QbD Approach in the Formulation and Evaluation of Miconazole Nitrate Loaded Ethosomal Cream-o-gel

Abstract

The present study aims to prepare Miconazole Nitrate loaded Ethosomes using QbD principle and formulating them as a suitable dermatological cream-o-gel for enhanced antifungal activity, skin permeation and bioavailability in the treatment of Candidiasis. Central composite 32 factorial design was used for investigating the effects of two variables, concentration of soya lecithin (X1) and ethanol (X2) on the responses of particle size and % entrapment efficiency (% EE) which were taken as critical quality attributes (CQAs). Optimization with response surface method clarified the relationship between X1, X2 and CQAs, and design space was established based on the constraints set on the responses. The optimized batch with concentration of soya lecithin 2gm and ethanol 30ml was subjected to ultrasonication using Probe Sonicator to form nanoparticulate ethosomal dispersion. This Ethosomal vesicles showed a mean particle size of 63.78 nm, zeta potential -41.2 mV and %EE 81.54%. SEM studies revealed 3-Dimensional nature of Ethosomes with smooth surface.
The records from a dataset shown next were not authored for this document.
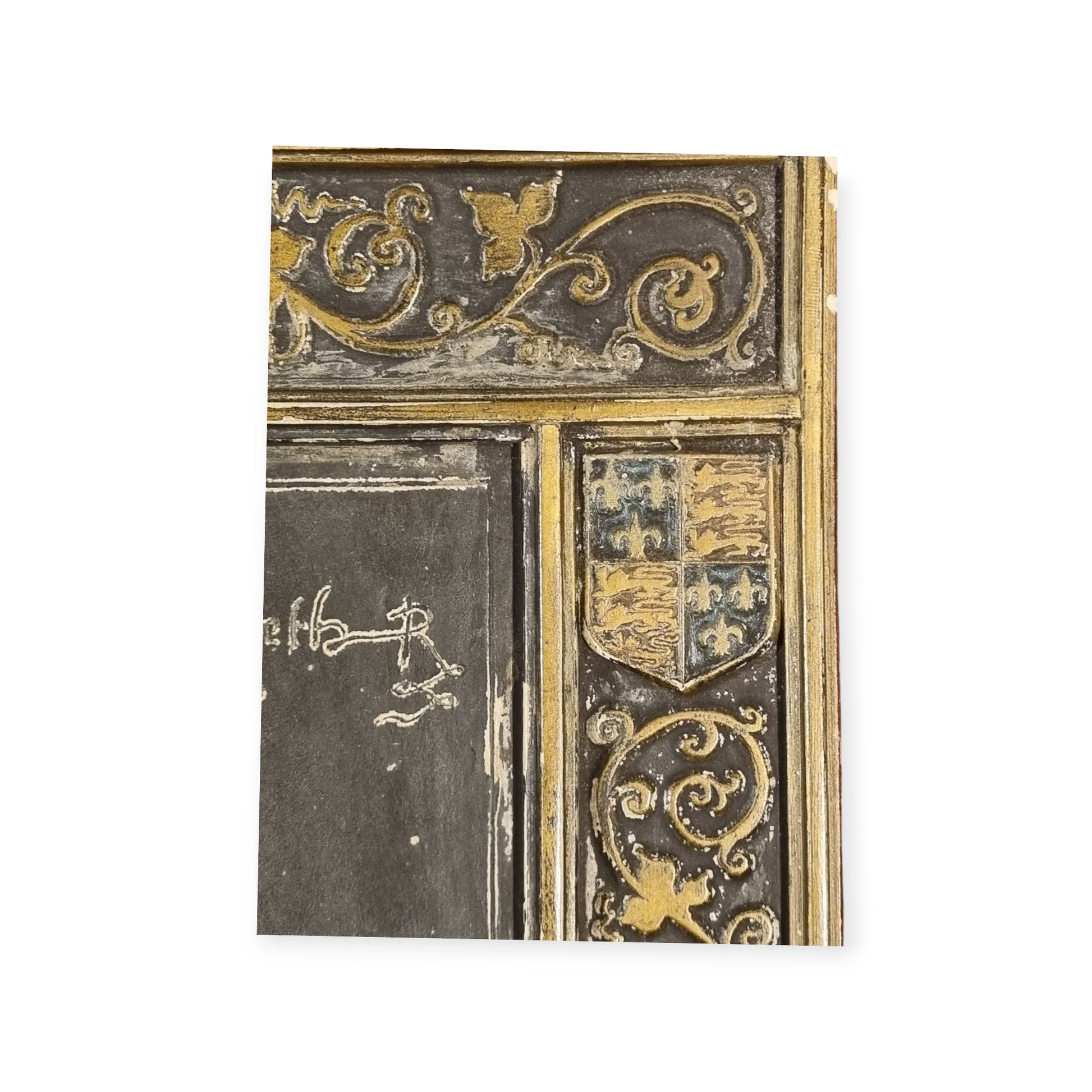 To the centre, in very fine detail, is a full-length figure of Elizabeth I. Beautifully decorated in polychrome. A date of "1558" is cast into the plaque above her right shoulder. This commemorates her accession to the English throne as English Monarch in November of that year after the death of her half-sister Mary I. To the right, above her left shoulder, a copy of her signature has been cast.
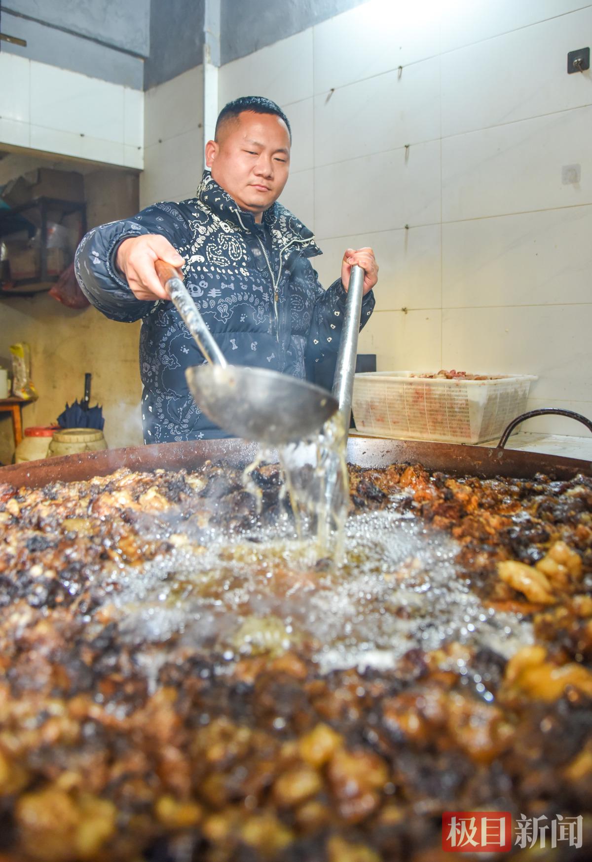 刘杨在公安县城一家连锁店熬制牛油。(新闻记者 黄志刚 摄)
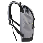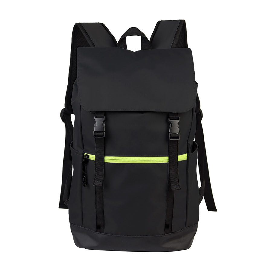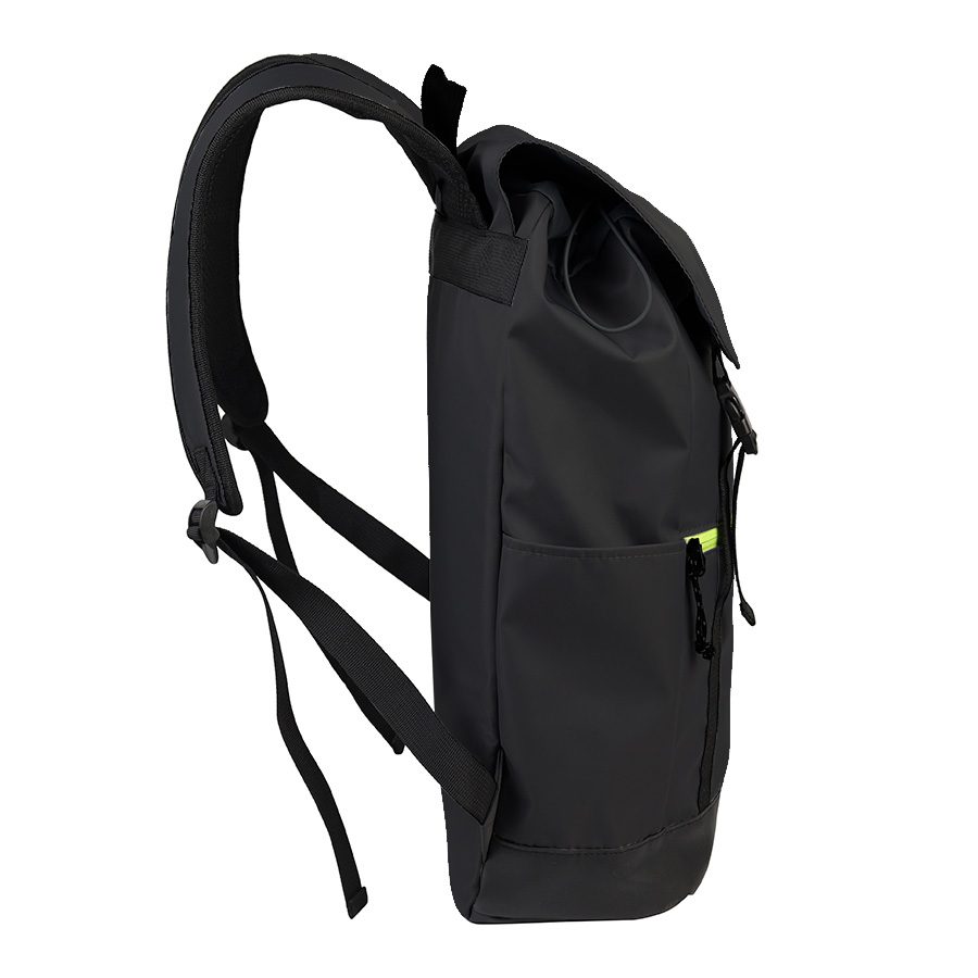 Mochila impermeable modelo «HARLEM». Fabricada en tela impermeable Poliéster Memory 75D + PU 210/D. Capacidad 9 litros, tamaño 29 x 46 x 14.5 cm. Incluye solapa y cierre delantero con cinta reflectante amarilla, bolsillo delantero + 2 bolsillos laterales. Interior acolchado. 29 x 46 x 14.5 cm. aprox.
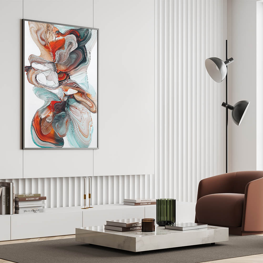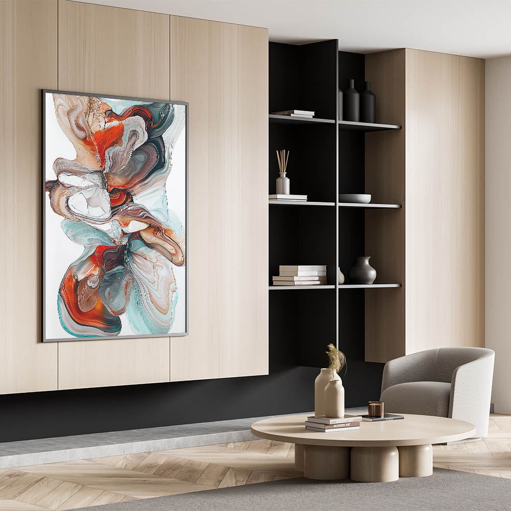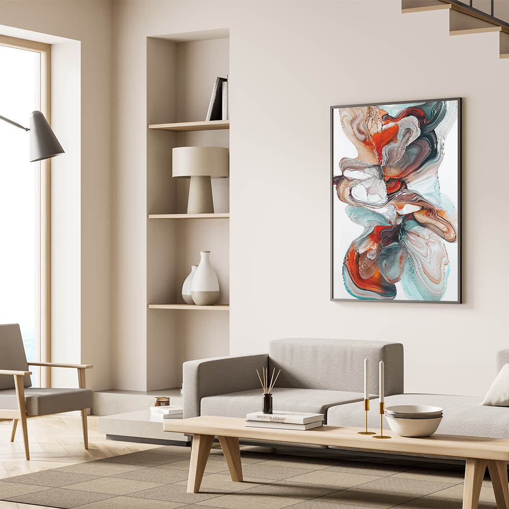 Bring a sense of movement and harmony to your space with this contemporary minimalist abstract art. This captivating design features flowing organic patterns in rich hues of burnt orange, teal, cream, and deep brown. The fluid composition creates a dynamic yet calming effect, making it a perfect addition to modern or bohemian-inspired interiors.
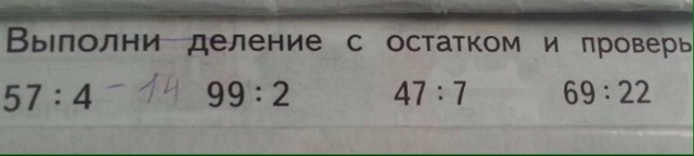 57/4=14 остаток 1 проверка 14*4=56, 57-56=1

DSC, results exhibited entrapment of Miconazole Nitrate in Ethosomes. Ethosomes were loaded into cream-o-gel (CG1-CG5) using
concentration 2.5%, 3%, 3.5%, 4%, 4.5% w/v of polymer Simulgel INS 100. CG3 formulation showed enhanced % cumulative drug release (67.95±0.25%) in comparison to plain drug cream-o-gel (35.91±0.47%) after 6 hrs. Texture analysis results showed the formulation to be less sticky and having good spread ability. It showed potential antifungal activity against Calbicans in comparison to marketed cream and did not cause any skin irritation on healthy wistar rats. Results suggested ethosomes asefficient carriers for Miconazole Nitrate topical delivery.